Dataset excerpt:
_ _ _ _ _ _ _

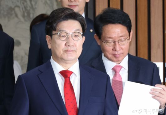 (서울=뉴스1) 이광호 기자 = 권성동 국민의힘 원내대표와 김상훈 정책위의장이 1일 오전 서울 여의도 국회에서 열린 원내대책회의에 참석하고 있다. 2025.4.1/뉴스1 Copyright (C) 뉴스1. All rights reserved. 무단 전재 및 재배포, AI학습 이용 금지. /사진=(서울=뉴스1) 이광호 기자 |
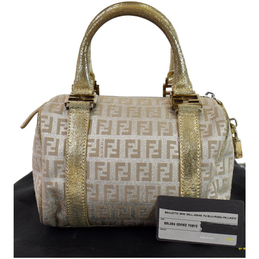 FENDI Selleria Zucca Canvas Leather Boston Bag Gold
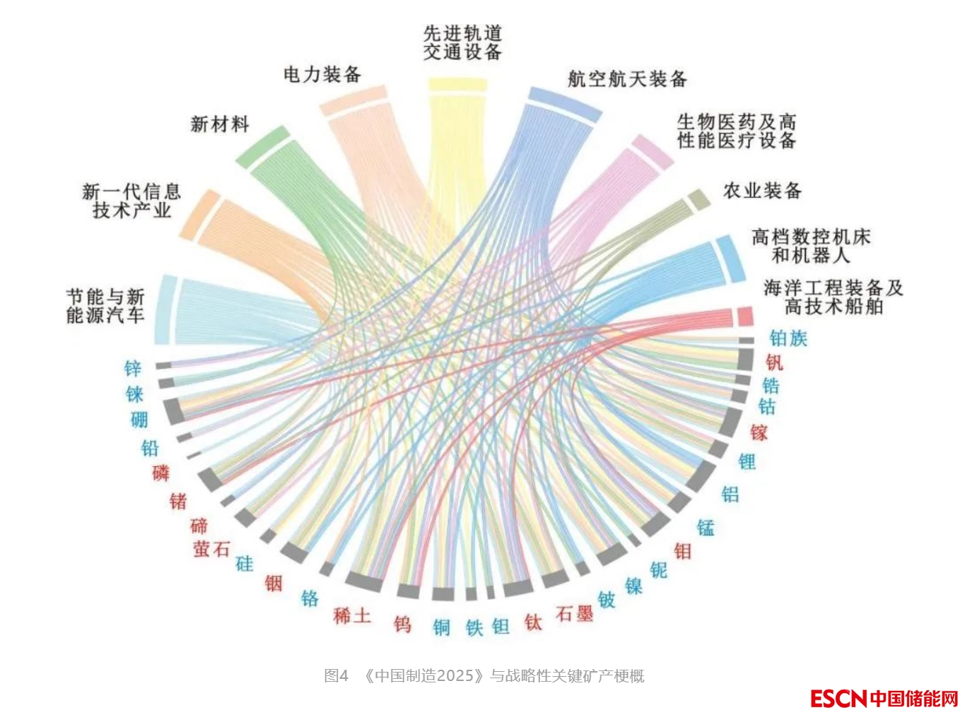 當前,我國正處于與發(fā)達經(jīng)濟體20世紀70年代中期伴隨工業(yè)化結(jié)束,產(chǎn)業(yè)升級、轉(zhuǎn)型的關鍵礦產(chǎn)需求快速增長相似的發(fā)展時期,同時疊加了21世紀以來新能源、信息技術、航天航空等戰(zhàn)略新興產(chǎn)業(yè)迅速發(fā)展對關鍵礦產(chǎn)種類和數(shù)量的依賴性需求。顯然,我國戰(zhàn)略性關鍵礦產(chǎn)大量快速消費將不可避免。以《中國制造2025》為例,我國已經(jīng)投入超過30種戰(zhàn)略性關鍵礦產(chǎn)支撐這一計劃的實施(圖4)——如果把鉑族和鑭系稀土元素展開,我國戰(zhàn)略性關鍵礦產(chǎn)超過50種。戰(zhàn)略性關鍵礦產(chǎn)關系到我國龐大產(chǎn)業(yè)鏈的安全和國計民生大計,需要予以高度關注。

_ _ _ _ _ _ _

Task to carry out:
Copy the data exactly. Any picture it contains is to be omitted.

Written reply:
 (서울=뉴스1) 이광호 기자 = 권성동 국민의힘 원내대표와 김상훈 정책위의장이 1일 오전 서울 여의도 국회에서 열린 원내대책회의에 참석하고 있다. 2025.4.1/뉴스1 Copyright (C) 뉴스1. All rights reserved. 무단 전재 및 재배포, AI학습 이용 금지. /사진=(서울=뉴스1) 이광호 기자 |
 FENDI Selleria Zucca Canvas Leather Boston Bag Gold
 當前,我國正處于與發(fā)達經(jīng)濟體20世紀70年代中期伴隨工業(yè)化結(jié)束,產(chǎn)業(yè)升級、轉(zhuǎn)型的關鍵礦產(chǎn)需求快速增長相似的發(fā)展時期,同時疊加了21世紀以來新能源、信息技術、航天航空等戰(zhàn)略新興產(chǎn)業(yè)迅速發(fā)展對關鍵礦產(chǎn)種類和數(shù)量的依賴性需求。顯然,我國戰(zhàn)略性關鍵礦產(chǎn)大量快速消費將不可避免。以《中國制造2025》為例,我國已經(jīng)投入超過30種戰(zhàn)略性關鍵礦產(chǎn)支撐這一計劃的實施(圖4)——如果把鉑族和鑭系稀土元素展開,我國戰(zhàn)略性關鍵礦產(chǎn)超過50種。戰(zhàn)略性關鍵礦產(chǎn)關系到我國龐大產(chǎn)業(yè)鏈的安全和國計民生大計,需要予以高度關注。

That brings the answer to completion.